**Brief**:
Leave the pictures out and print every record below exactly as it stands.

START Data extract

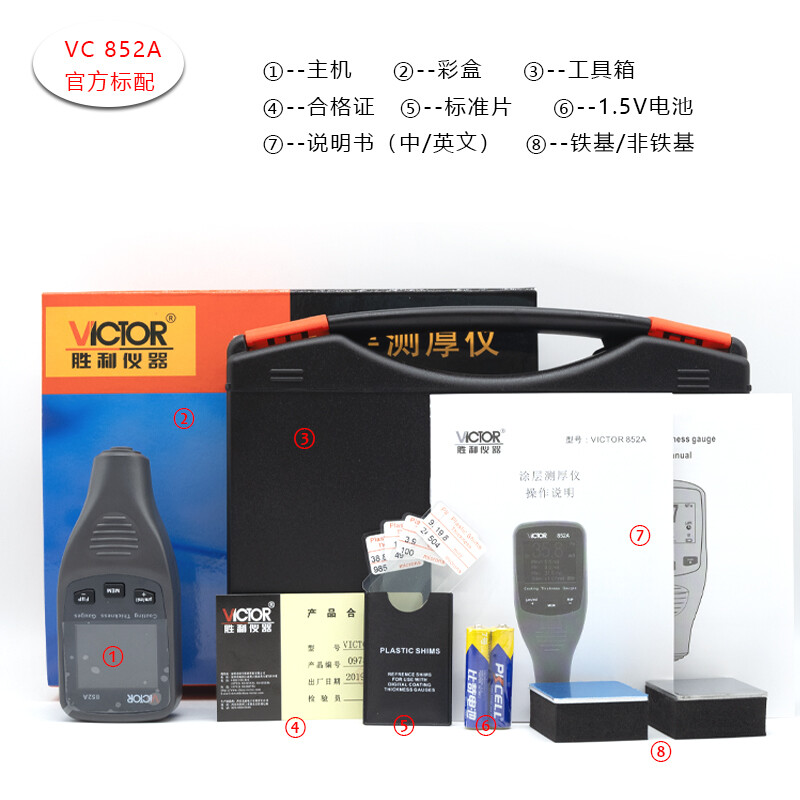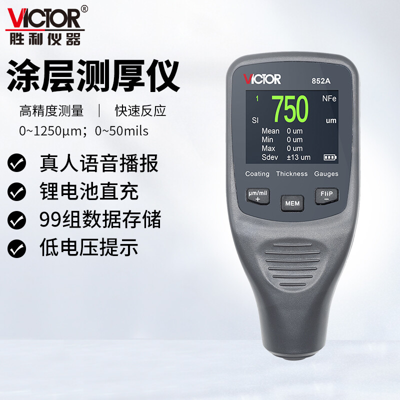 胜利仪器(VICTOR)涂层测厚仪 油漆 铁基 铝基两用 漆膜仪 厚度测量仪 VC852A
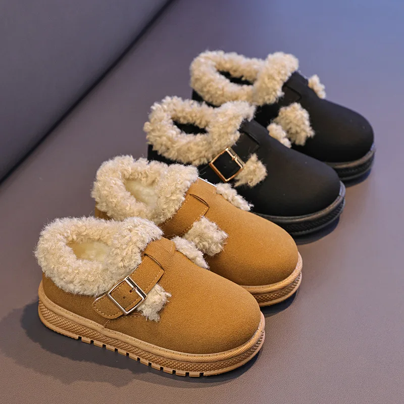 Детская зимняя обувь в стиле ретро, модная повседневная обувь для мальчиков и девочек, замшевая теплая зимняя обувь с круглым носком, новинка 2024, детская обувь на плоской подошве с мягкой подошвой
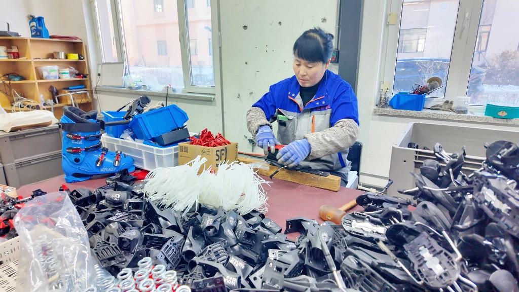 “分揀、擰螺絲、刷潤滑油、再用小錘輕輕一敲”——在哈爾濱乾卯雪龍體育用品有限公司的生產車間里,一個脫離器就這樣組裝完成。數名工人在明亮的白熾燈下,有條不紊地進行著每一道裝配工序。
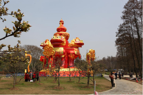 2018年?yáng)|湖燈會(huì)于2月23日至3月31日在武漢市東湖聽(tīng)濤風(fēng)景區(qū)梨園舉辦。自開(kāi)幕以來(lái),燈組“雄獅賀歲”一直備受關(guān)注,多次在各大電視欄目以及報(bào)紙頭版刊發(fā),“雄獅賀歲”燈組構(gòu)圖有創(chuàng)意,以四面雄獅為設(shè)計(jì)主體,周圍環(huán)繞著6柄玉如意,燈組頂端是一個(gè)和平寶尊,寓意世界太平、吉祥如意。
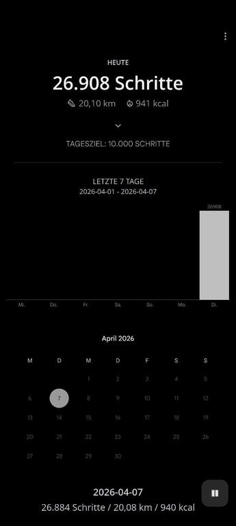 Step counter in German showing (translated): "26908 steps / 20,10 km / 941 kcal"
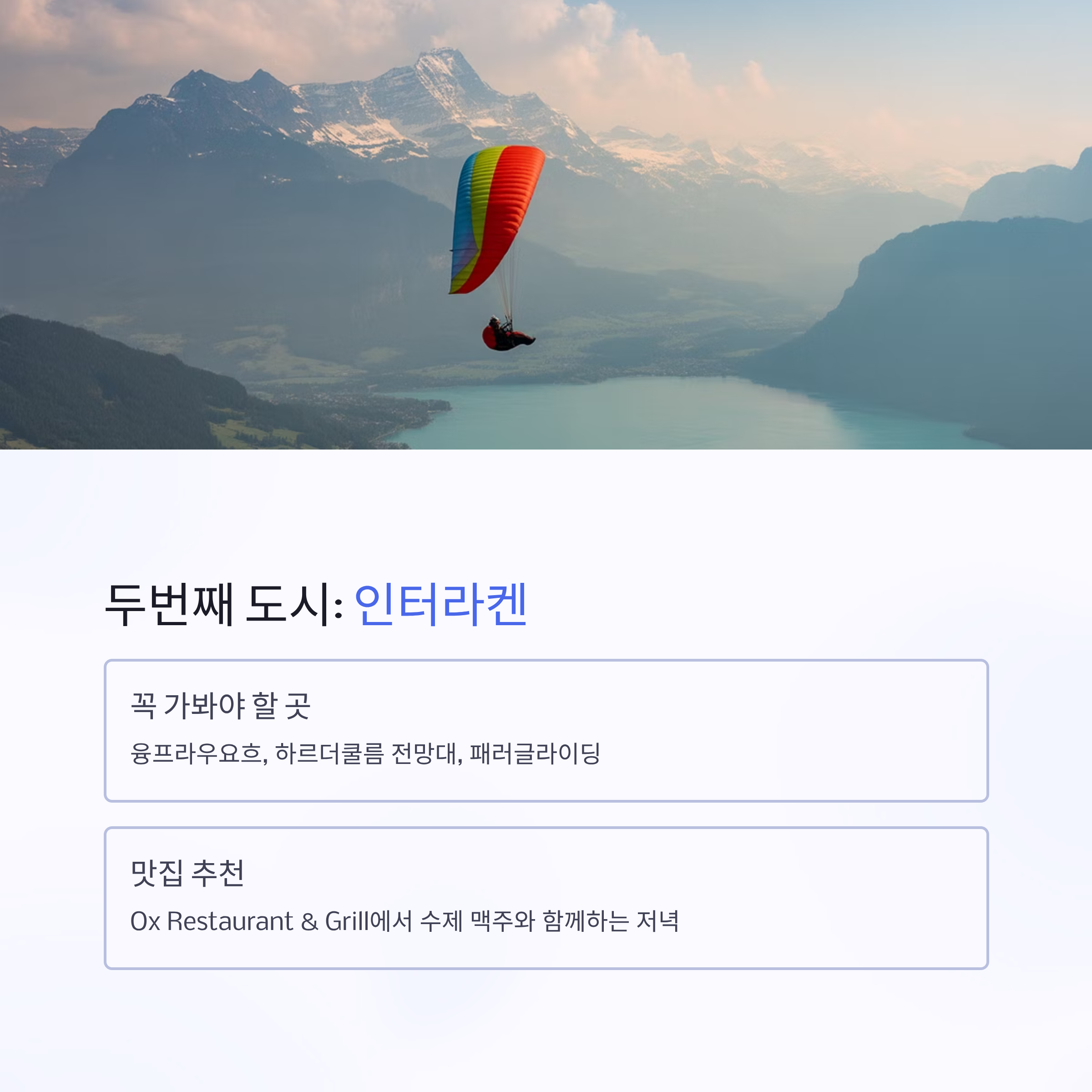 즐길거리: 융프라우요흐 열차 탑승, 하르더쿨름 전망대, 패러글라이딩
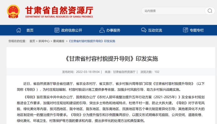 為進一步貫徹落實中共中央辦公廳、國務院辦公廳《農村人居環(huán)境整治提升五年行動方案(2021—2025年)》及全省鄉(xiāng)村規(guī)劃推進會精神,由甘肅省城鄉(xiāng)規(guī)劃設計研究院有限公司牽頭,聯(lián)合甘肅省建筑設計研究院有限公司、西北師范大學城市規(guī)劃與旅游景觀設計研究院編制的《甘肅省村容村貌提升導則(試行)》(以下簡稱《導則》),于3月18日由省自然資源廳、省住建廳、省農業(yè)農村廳、省文旅廳、省鄉(xiāng)村振興局等五部門聯(lián)合印發(fā)?!秾t》的發(fā)布為全省村莊規(guī)劃編制工作提供了參考依據(jù),是推進鄉(xiāng)村振興戰(zhàn)略實施的重要抓手,是改善我省農村人居環(huán)境、建設美麗甘肅的核心引導,將在規(guī)范我省村容村貌提升、弘揚傳統(tǒng)文化、突出鄉(xiāng)土特色和地域特點,杜絕千村一面,防止大拆大建等方面發(fā)揮重要作用。
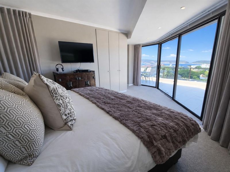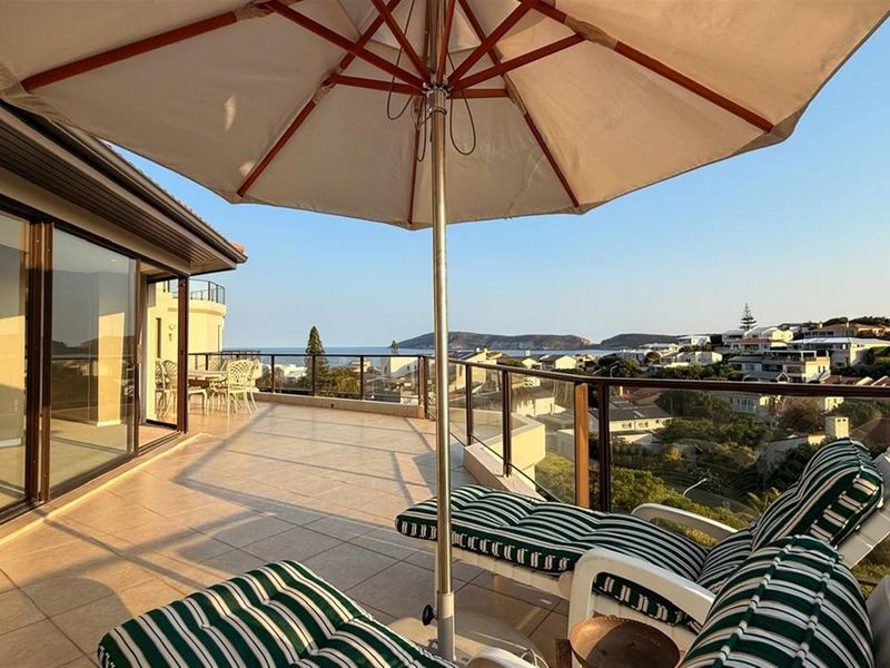 Coastal living steps from Beachy Head Drive in Longships, enjoying sweeping Robberg views from a generous balcony; fully furnished, modern open-plan kitchen, private main-bedroom layout — four beds, three baths.
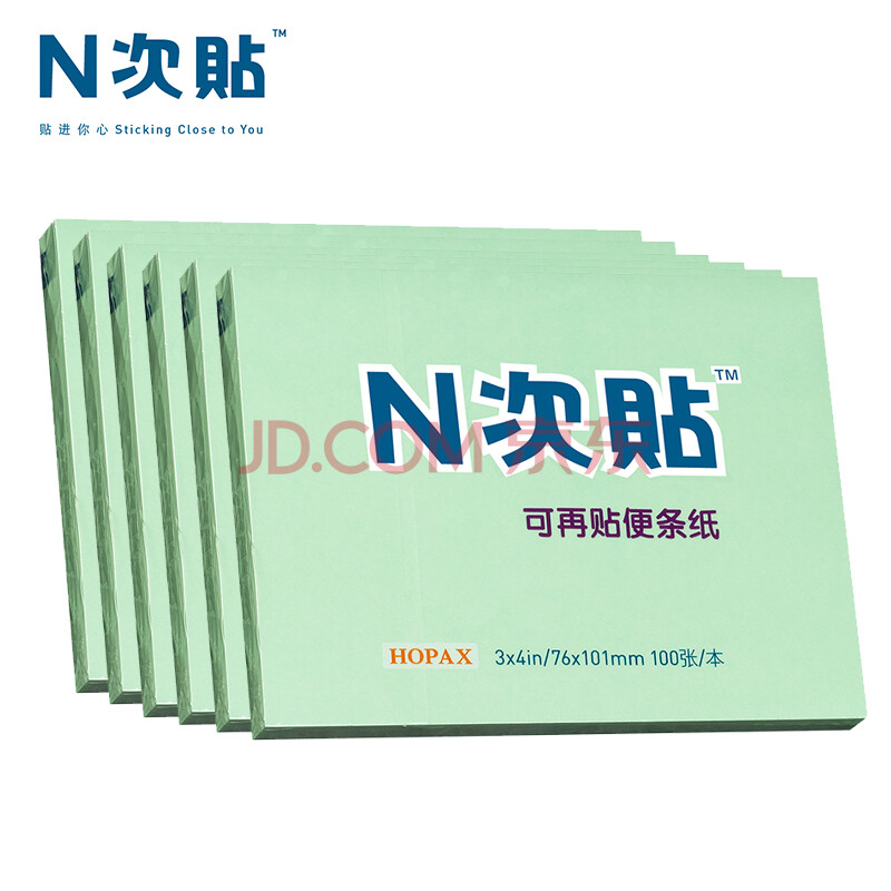 商品相册:N次贴(STICKN)6本装便利贴报事贴/便条纸/便签纸/便签本76*101mm自粘留言本600张 绿色31012-J6第
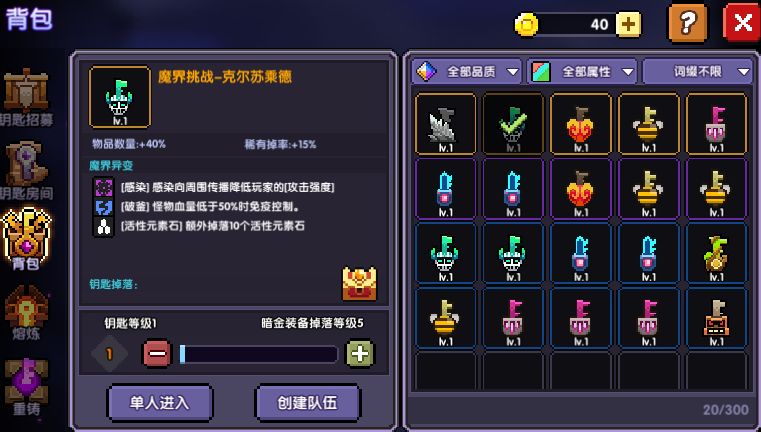 勇者们可以在钥匙背包里对钥匙进行筛选(如图所示),操作简单,方便大众。点击钥匙还会显示钥匙信息,方便后续的重铸、熔炼操作。
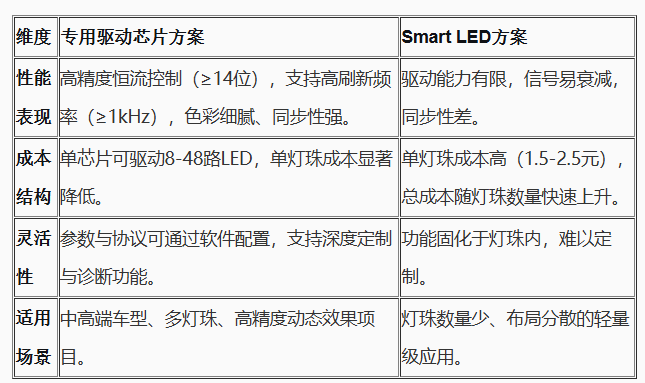 與集成化的Smart LED方案相比,“專用驅(qū)動芯片+普通LED燈珠”架構(gòu)在多個維度展現(xiàn)出明顯優(yōu)勢:

END Data extract

**Final answer**:
 胜利仪器(VICTOR)涂层测厚仪 油漆 铁基 铝基两用 漆膜仪 厚度测量仪 VC852A
 Детская зимняя обувь в стиле ретро, модная повседневная обувь для мальчиков и девочек, замшевая теплая зимняя обувь с круглым носком, новинка 2024, детская обувь на плоской подошве с мягкой подошвой
 “分揀、擰螺絲、刷潤滑油、再用小錘輕輕一敲”——在哈爾濱乾卯雪龍體育用品有限公司的生產車間里,一個脫離器就這樣組裝完成。數名工人在明亮的白熾燈下,有條不紊地進行著每一道裝配工序。
 2018年?yáng)|湖燈會(huì)于2月23日至3月31日在武漢市東湖聽(tīng)濤風(fēng)景區(qū)梨園舉辦。自開(kāi)幕以來(lái),燈組“雄獅賀歲”一直備受關(guān)注,多次在各大電視欄目以及報(bào)紙頭版刊發(fā),“雄獅賀歲”燈組構(gòu)圖有創(chuàng)意,以四面雄獅為設(shè)計(jì)主體,周圍環(huán)繞著6柄玉如意,燈組頂端是一個(gè)和平寶尊,寓意世界太平、吉祥如意。
 Step counter in German showing (translated): "26908 steps / 20,10 km / 941 kcal"
 즐길거리: 융프라우요흐 열차 탑승, 하르더쿨름 전망대, 패러글라이딩
 為進一步貫徹落實中共中央辦公廳、國務院辦公廳《農村人居環(huán)境整治提升五年行動方案(2021—2025年)》及全省鄉(xiāng)村規(guī)劃推進會精神,由甘肅省城鄉(xiāng)規(guī)劃設計研究院有限公司牽頭,聯(lián)合甘肅省建筑設計研究院有限公司、西北師范大學城市規(guī)劃與旅游景觀設計研究院編制的《甘肅省村容村貌提升導則(試行)》(以下簡稱《導則》),于3月18日由省自然資源廳、省住建廳、省農業(yè)農村廳、省文旅廳、省鄉(xiāng)村振興局等五部門聯(lián)合印發(fā)?!秾t》的發(fā)布為全省村莊規(guī)劃編制工作提供了參考依據(jù),是推進鄉(xiāng)村振興戰(zhàn)略實施的重要抓手,是改善我省農村人居環(huán)境、建設美麗甘肅的核心引導,將在規(guī)范我省村容村貌提升、弘揚傳統(tǒng)文化、突出鄉(xiāng)土特色和地域特點,杜絕千村一面,防止大拆大建等方面發(fā)揮重要作用。
 Coastal living steps from Beachy Head Drive in Longships, enjoying sweeping Robberg views from a generous balcony; fully furnished, modern open-plan kitchen, private main-bedroom layout — four beds, three baths.
 商品相册:N次贴(STICKN)6本装便利贴报事贴/便条纸/便签纸/便签本76*101mm自粘留言本600张 绿色31012-J6第
 勇者们可以在钥匙背包里对钥匙进行筛选(如图所示),操作简单,方便大众。点击钥匙还会显示钥匙信息,方便后续的重铸、熔炼操作。
 與集成化的Smart LED方案相比,“專用驅(qū)動芯片+普通LED燈珠”架構(gòu)在多個維度展現(xiàn)出明顯優(yōu)勢:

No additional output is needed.